Methods Crystallization and solvent-drop grinding (SDG) FXT Q and ASP form I (ASP I) was crystallized from acetonitrile (ACN) as per the reported method.17 PCM form I (PCM I) was recrystallized from ethanol. Eutectic mixtures were generated using solvent drop grinding with ACN and bulk quantity was scaled-up to 20 g (for detail, see Supporting Information (SI), SM 1), for studying bulk deformation behavior.
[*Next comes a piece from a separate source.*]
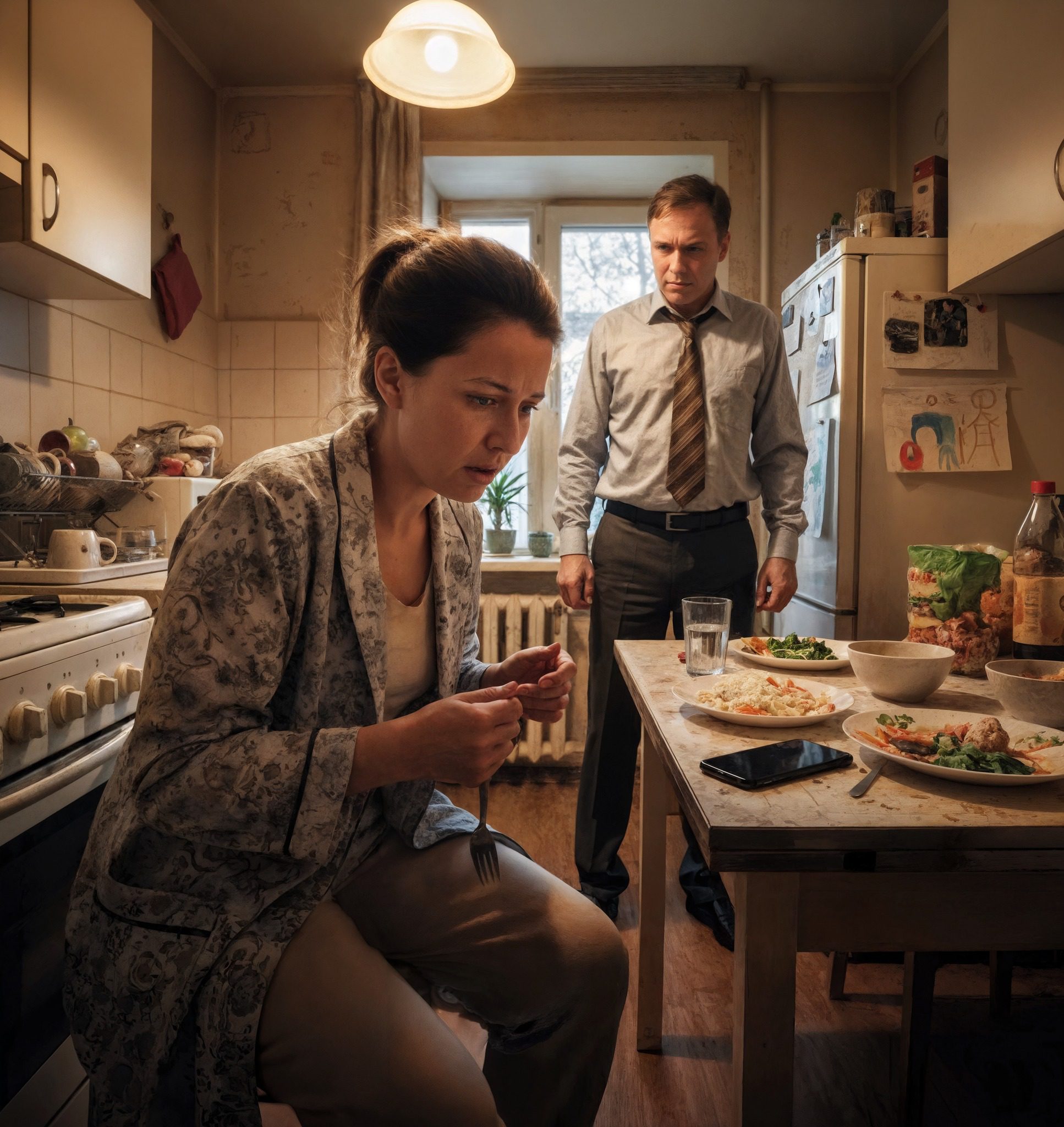 Het slot klikte. Andrey kwam de keuken binnenlopen – mijn man, mijn ‘rots in de branding’, zoals ik hem de afgelopen zeven jaar had beschouwd. Hij liet zijn jas op een stoel vallen, kwam naar me toe en kuste me op mijn kruin.
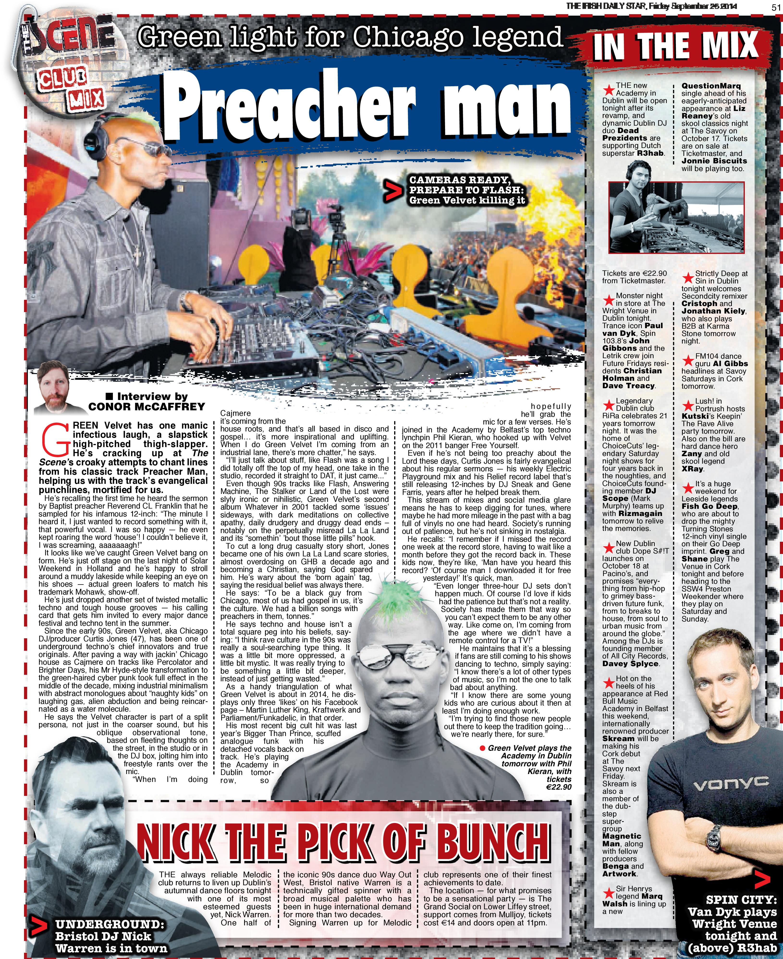 Green Velvet has one manic infectious laugh, a slapstick high-pitched thigh-slapper. He’s cracking up at my croaky attempts to chant lines from his classic track Preacher Man, helping out with the track’s evangelical punchlines, mortified for me.

Microscopic analysis Optical and hot-stage microscopy (HSM) Both eutectic systems were visualized for their crystal habit, size and crystalline nature. Samples were mounted on glass slide with silicon oil for HSM. The resultant thermal events were captured by an optical and cross-polarized light microscope (DMLP microscope, Leica Microsystems, Wetzlar, Germany) equipped with camera (JVS color video) and analytical software (Lynksys32). Both samples were heated from 25.0 ± 2.0 to 250 °C, at a heating rate of 20 °C/min.

Particle size distribution (PSD) Similar particle size fraction of each form was obtained by using BSS sieve size 100 and 120#. D10, D50 and D90 of both eutectics were determined by optical microscope by measuring length along the longest axis, for at least 300 particles.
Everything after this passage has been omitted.